Draft Local Plan - Supplementary Consultation

Representation ID: 8955

Received: 15/03/2019

Respondent: Alison Robbins

Representation Summary:

No better than original proposal for Site 13.
Traffic in local area is already too high and to add 300 to 400 new houses in this focused area alone will cause major disruption on Bills Lane/Haslucks Green Road equivalent to Site 13 and additional pollution.
Flooding is a massive risk that is not clearly understood or explained in this proposal. The April 2018 flooding in the area blocked roads and damaged property. If housing is built here, how will surface water be managed with the huge increase in hard-standing through roads and driveways for this volume of houses?

Full text:

I object to this latest proposal as it is no better than the original proposal of Allocation 13.
The original plan was for 600 houses and the area touched on to Dickens Heath Road/Tanworth Lane at one end and Bills Lane/Haslucks Green Road - an assumption would have been that approximately 50% of traffic would exit/enter one end, and 50% would exit/enter at the other putting more traffic onto already congested roads - this latest site 26 proposal will now only affect Bills Lane/Haslucks Green Road end with 300 houses - therefore the traffic impact will be no better for Bills Lane and Haslucks green road which is already overloaded with traffic coming from Dickens Heath. This point is touched on in the plan in the word "shifting" and acknowledging that Dickens Heath Road is already congested - 'Shifting the focus of vehicular traffic movements away from the congested Dickens Heath Road to Bills Lane/Haslucks Green Road.'

I do not see this current proposal as sustainable due to the high volume of houses in one focused area.
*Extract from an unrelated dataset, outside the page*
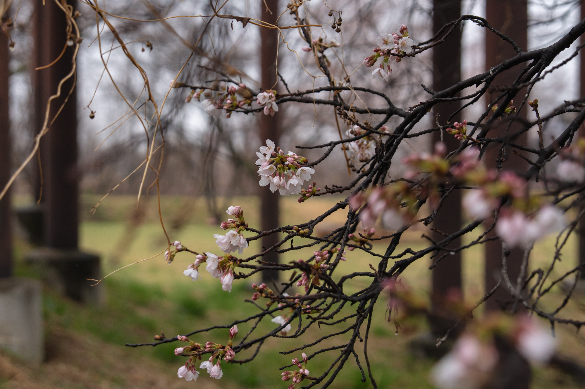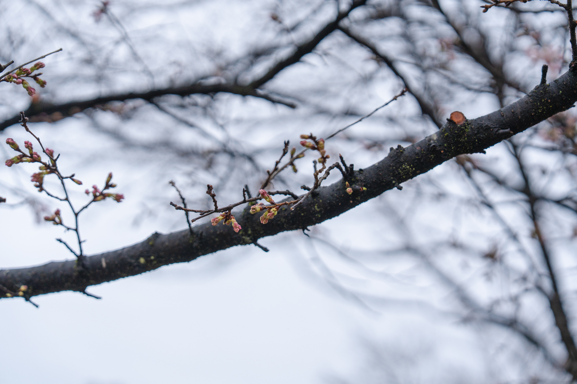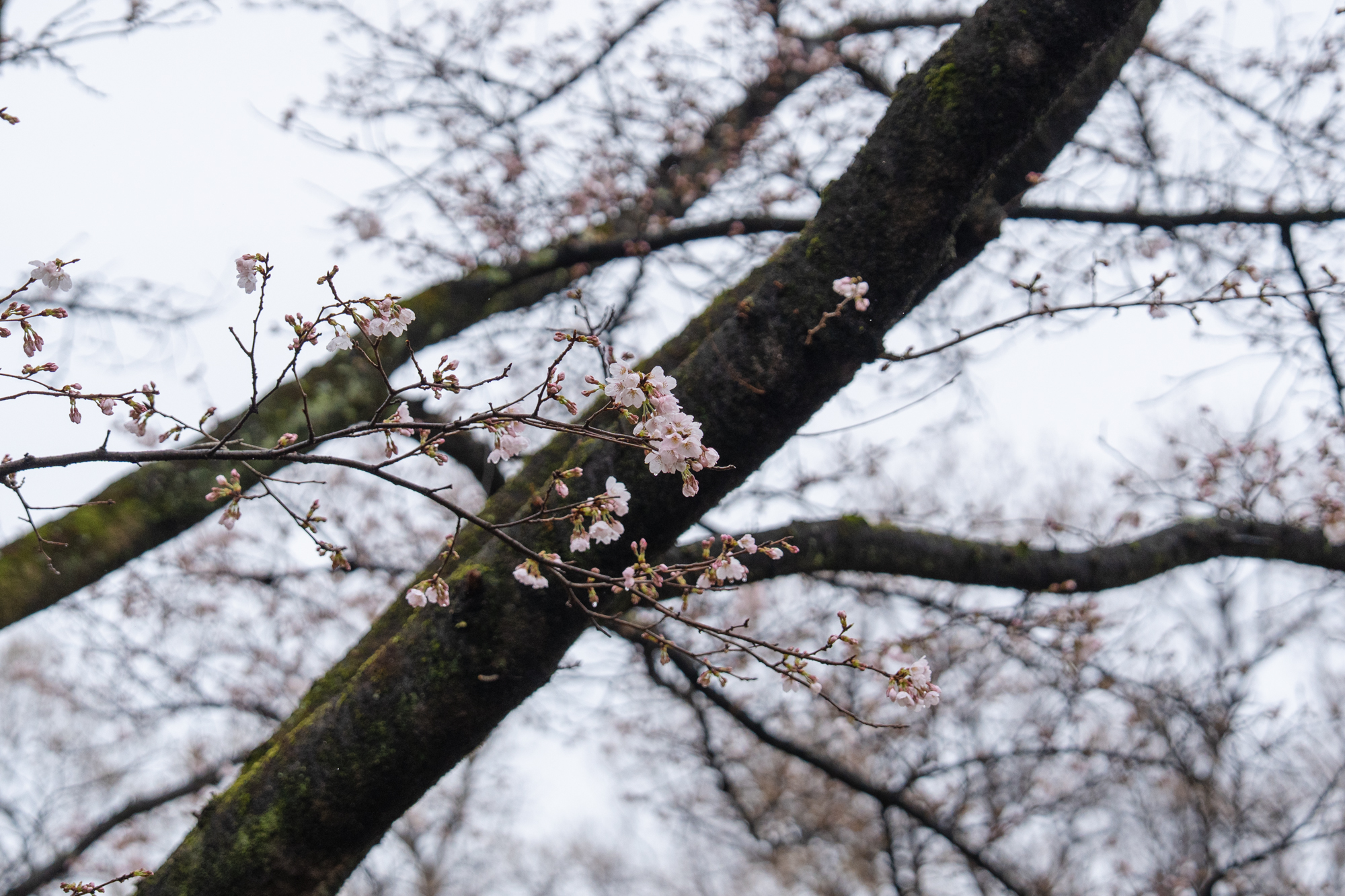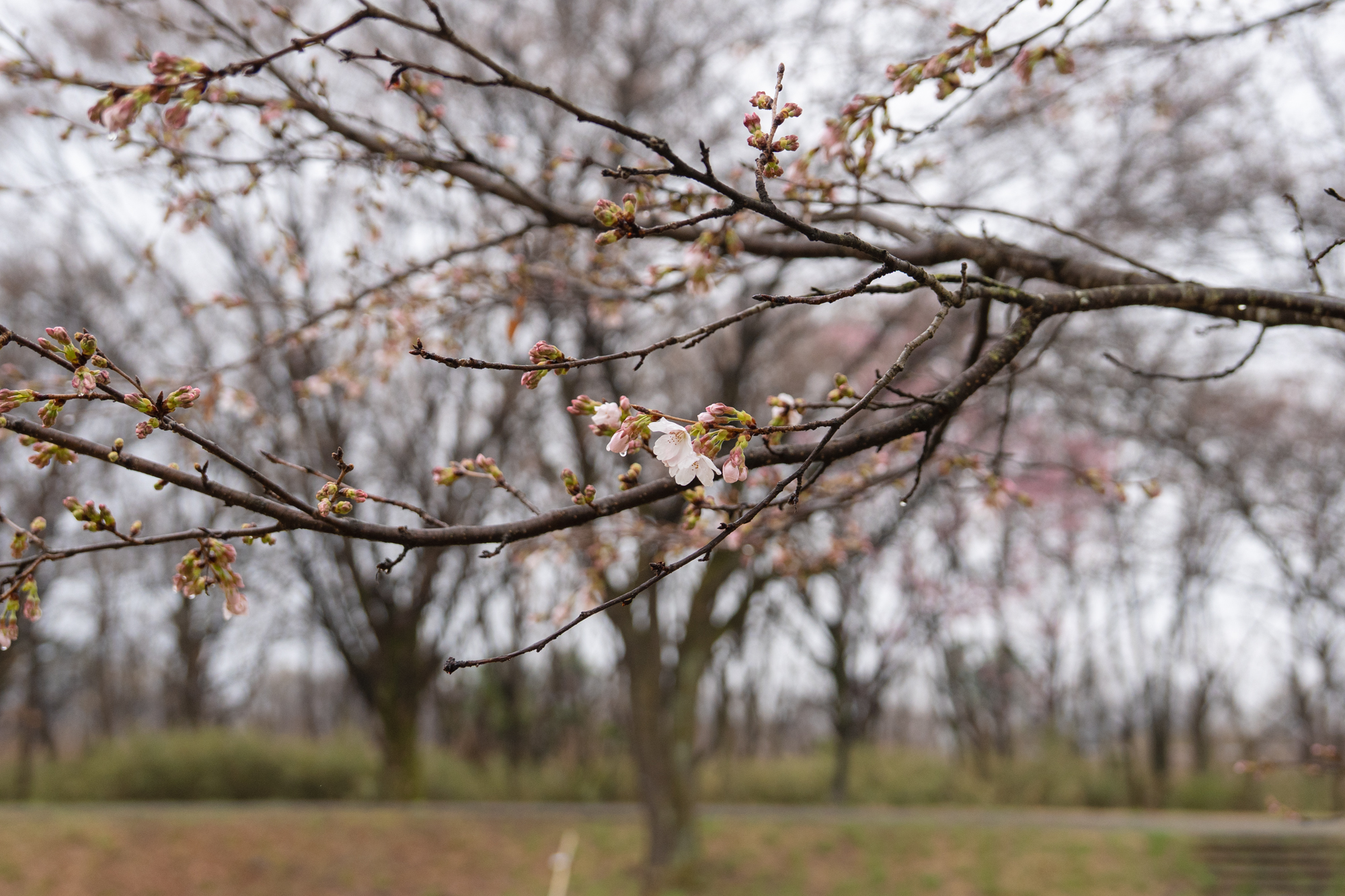 小雨の今日、早咲きの木では雨に打たれ、花びらが早くも散り始めていました。一方で、ほかの木でも開花が進み、約10本ほどの木で綺麗な花が確認できました。とはいえ、まだまだこれからが本番です。

Despite changes to the initial plan I gather that Shirley South is still to receive 38% of proposed new housing in the Solihull borough, which remains disproportionate and unacceptable given the size of the borough.
The effect on the local area by way of flooding and environmental issues is in no way fully understood and not addressed in the proposal from what I can understand. This area suffered massive flooding in April of 2018. If housing is built on the natural land and flood plains the results could be much worse than previously.
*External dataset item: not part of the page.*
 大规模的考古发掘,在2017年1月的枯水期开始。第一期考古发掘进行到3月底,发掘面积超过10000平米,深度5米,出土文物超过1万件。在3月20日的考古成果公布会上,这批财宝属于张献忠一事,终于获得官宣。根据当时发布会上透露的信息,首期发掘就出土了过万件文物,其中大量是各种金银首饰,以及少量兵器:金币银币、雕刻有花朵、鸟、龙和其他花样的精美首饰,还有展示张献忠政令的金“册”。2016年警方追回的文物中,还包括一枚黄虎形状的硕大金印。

I will also refer to a point I made in my initial objection of the 38% of housing in Shirley is that new housing allocation should be developed to compliment current and new infrastructure. In the case of HS2 which is referred to in the current plans, this will be running to the North of the borough and not stopping anywhere near to these proposed Shirley developments - therefore more congestion would be caused by people driving to the proposed HS2 station as there is inadequate public transport to that area of the borough.